I want to take two actions on that button.
When User opens website on iPad or iPhone on Safari (browser) and click on GetProduct button, then following two actions must be taken place.
1. If user is already having product installed on device then directly open the app in device.
2. If user is not having the app on device then link user to the app on store, so he can download from there.
I already handled second condition,
but how to handle the first condition.
If I am already having the app then how to open it on action of button click in browser.
You can achieve what you're asking for by using a URL scheme. This will enable you to call the openUrl:
method with your application's url scheme which will then launch your app.
Here's how you setup a custom url scheme:
- Open your app's Info.plist and add a row with a key called URL Types.

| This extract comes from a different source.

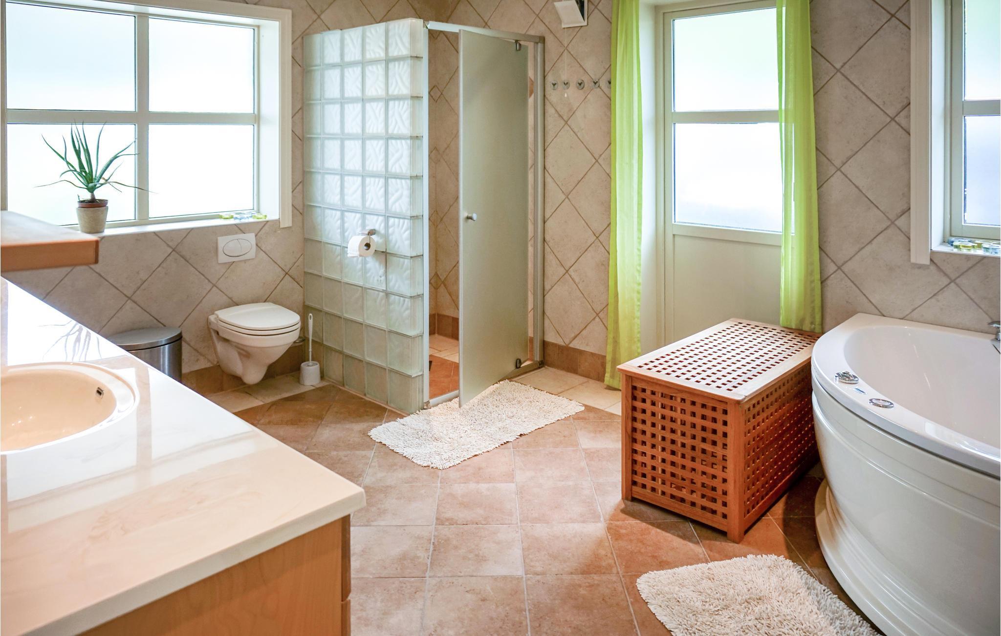 Badezimmer (nr. 1) - WC. Warmes und kaltes Wasser. Dusche und Badewanne

- Expand the URL Types item, and Item 0 under it and you'll see URL Identifier
- Enter your app's bundle identifier (e.g. com.myCompany.myApp) as the URL Identifier value.
- Add another row to Item 0 and enter URL Schemes.
- Expand the URL Schemes and under Item 0 type in the name for your custom scheme (e.g. myScheme).
You should now be able to open your app from Safari by typing myScheme:// in the address bar.
Alternatively, from your app, you can launch the other app like this:
[[UIApplication sharedApplication] openURL:[NSURL URLWithString:@"myScheme://"]];
Note that you can also send parameters to the app you're launching with the url scheme (more on that here).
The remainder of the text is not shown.